I recently started using the Einstein summation notation to express certain operations over an "image" $\mathbf{A}$ where to each pixel a square matrix is attached. That is, an array of the shape $\left[n_{row}\times n_{col}\times n \times n\right]$. Now, if I want to represent the multiplication of each "submatrix" $A_{pq}$ of size $n \times n$ by a matrix $\mathbf{B}$ of compatible size, I can express it as:

$A^{'}_{pqij} = B_{ik}A_{pqkj}$.

The problem: I have an array $\mathbf{B}$ of the same size as $\mathbf{A}$ and I want to compute a third array $\mathbf{A}^{'}$ where each pixel $\mathbf{A}_{pix}^{'}$ at the first two indices $p$ and $q$ corresponds to the matrix multiplication of matrix $\mathbf{A}_{pix}$ with $\mathbf{B}_{pix}$ in array $\mathbf{B}$ at the same indices $p$ and $q$.

In the notation of linear algebra, for each $n \times n$ matrix indicized by $p$ and $q$ I want:

$A_{pix}^{'} = B_{pix}A_{pix}$

Attempt:

I initially tried something of the form: $A_{mnloij}^{'} = B_{mnik}A_{lokj}$ but if I think this will compute the submatrix multiplication at all combinations of indices $m,l,n,o$.
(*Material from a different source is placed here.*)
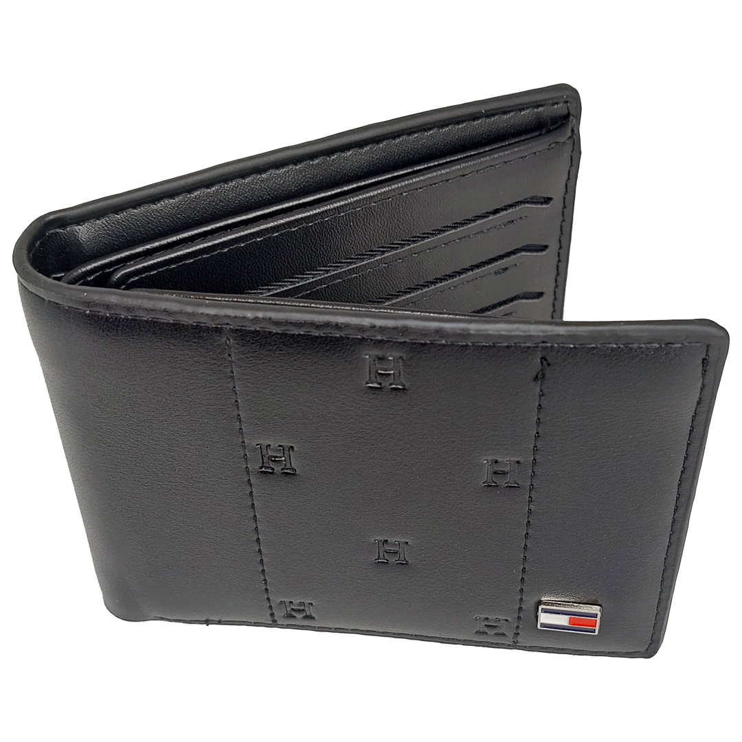 1. المحفظة الكلاسيكية: تتميز بتصميم “ثنائي الطي” مع شعار العلامة التجارية المحفور بدقة بارزة. تحتوي من الداخل على جيوب متعددة للكروت ومنظم للعملات الورقية ببطانة ناعمة.

The Question in Brief: Is there a way, using the Einstein summation notation, to compute the sum:

$A_{pqij}^{'} = B_{mnik}A_{lokj}$

for the combinations of indices where $(m,n)=(l,o)=\left(p,q\right)$ only?

Additional Attempt: In the worst case, I suppose that I have to first compute the expression above and then only slice the array in order to select the "diagonals" where $(m,n)=(l,o)$.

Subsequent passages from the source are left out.